Ribut-ribut soal biaya kuliah saat pandemi COVID-19 menjadi masalah utama yang melatarbelakangi pelaporan Menteri Pendidikan dan Kebudayaan Nadiem Makarim oleh mahasiswa Universitas Negeri Semarang (Unnes). Begini duduk perkara perseteruan mahasiswa vs Mas Menteri.
Poin krusial dari perseteruan konstitusional ini adalah Peraturan Mendikbud (Permendikbud) Nomor 25 Tahun 2020 tentang Standar Satuan Biaya Operasional Pendidikan Tinggi pada Perguruan Tinggi Negeri di Lingkungan Kementerian Pendidikan dan Kebudayaan.

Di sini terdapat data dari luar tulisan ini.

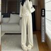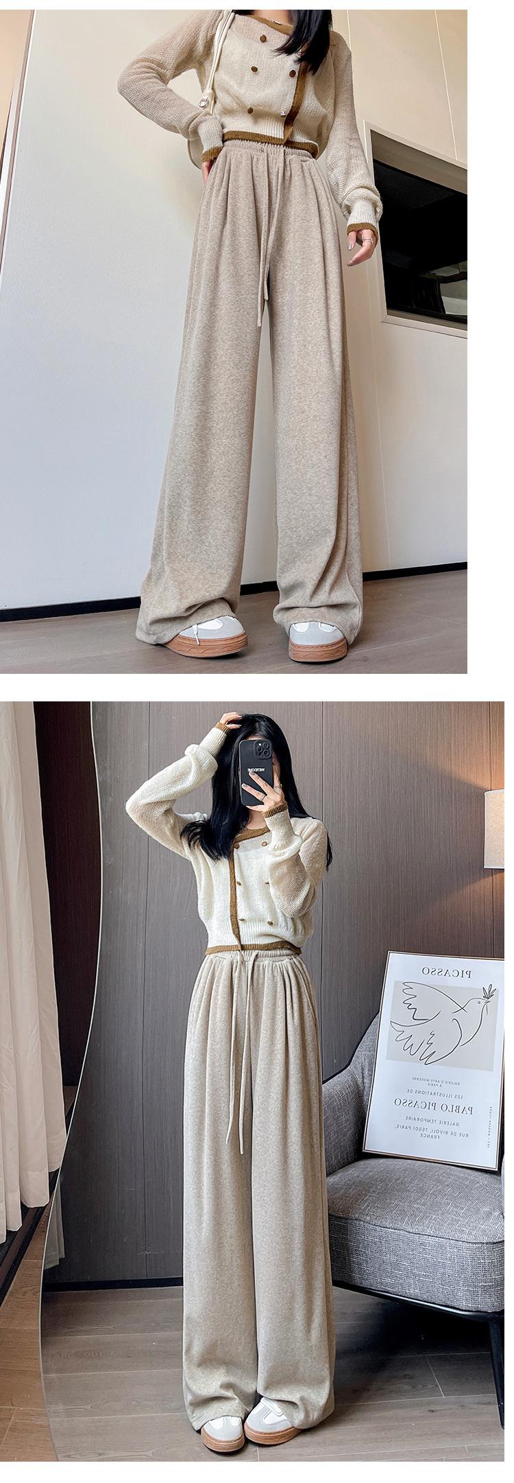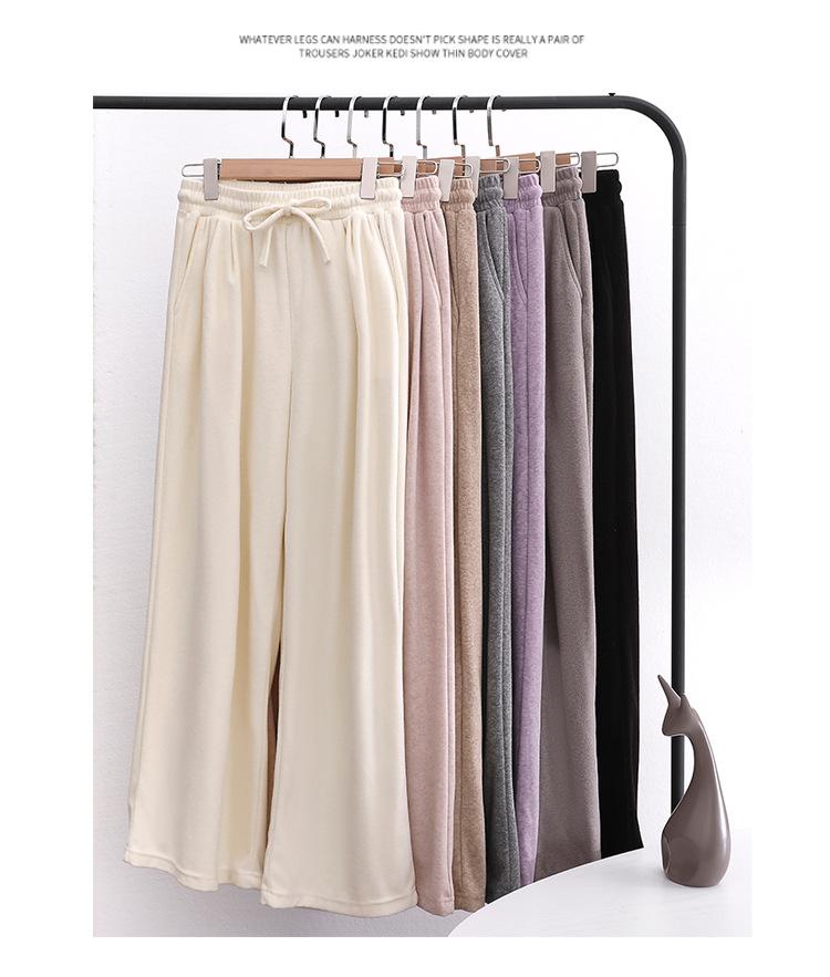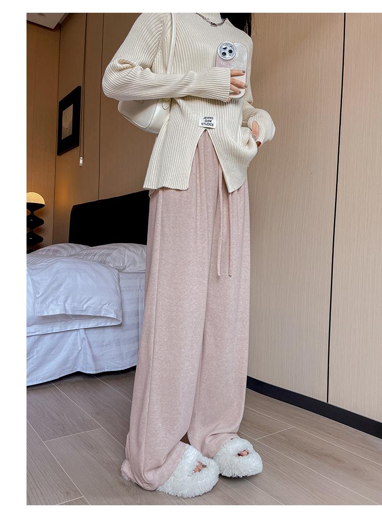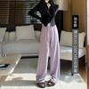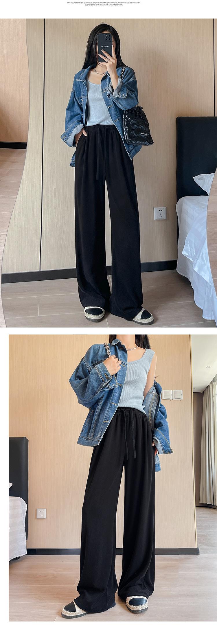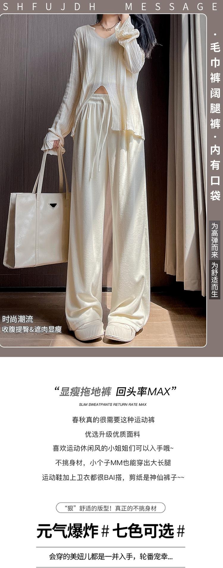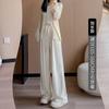Pantalones grises de pierna ancha para mujer Primavera y Otoño 2025 Nuevo Pantalón recto drapeado ajustado de cintura alta Suelto Casual Suave Pantalón toalla ceroso
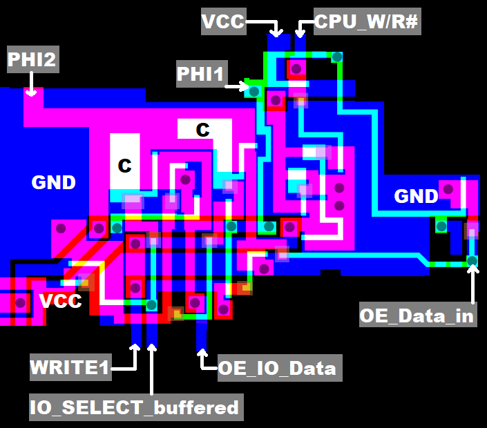 Said FET is present in the A1..A15 logic, together with the IO_SELECT metal trace
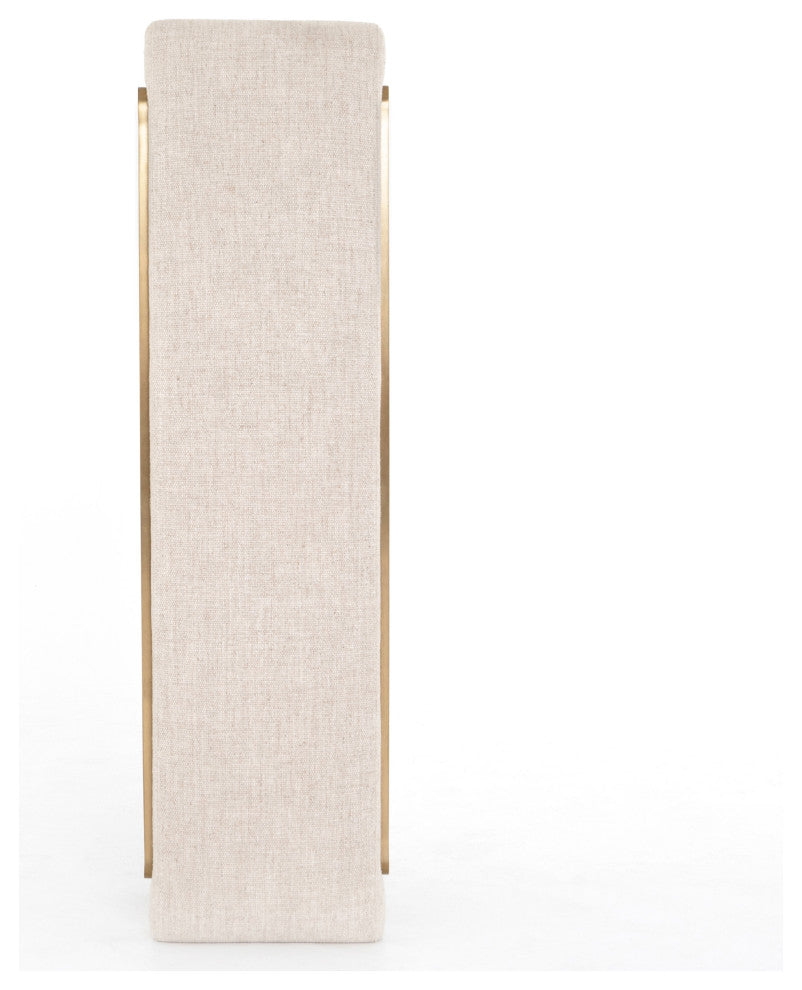 Dramatic bullnose edging meets elegant brass-finished steel framing for fresh, thoughtful balance, while performance-grade upholstered seating delivers a hint of glam and plenty of trend-forward texture. Versatile design makes this sled-style bench ideal in any space. Performance fabrics are specially created to withstand spills, stains, high traffic and wear, ensuring long-term comfort and unmatched durability.

SCROLL TO CONTINUE WITH CONTENT
Berdasarkan penjelasan pihak mahasiswa Fakultas Hukum (FH) Unnes, mereka mengajukan permohonan gugatan uji materi atas Permendikbud itu ke Mahkamah Agung (MA) pada 20 Juli. Mereka melanjutkan langkahnya dengan mengadu ke Komisi Nasional Hak Asasi Manusia (Komnas HAM) pada 22 Juli.
Latar belakang masalah ini adalah kondisi pandemi COVID-19 yang berpengaruh ke ekonomi. Keuangan pihak keluarga mahasiswa menjadi lebih berat ketimbang hari-hari sebelum pandemi. Mahasiswa menjadi susah membayar biaya kuliah.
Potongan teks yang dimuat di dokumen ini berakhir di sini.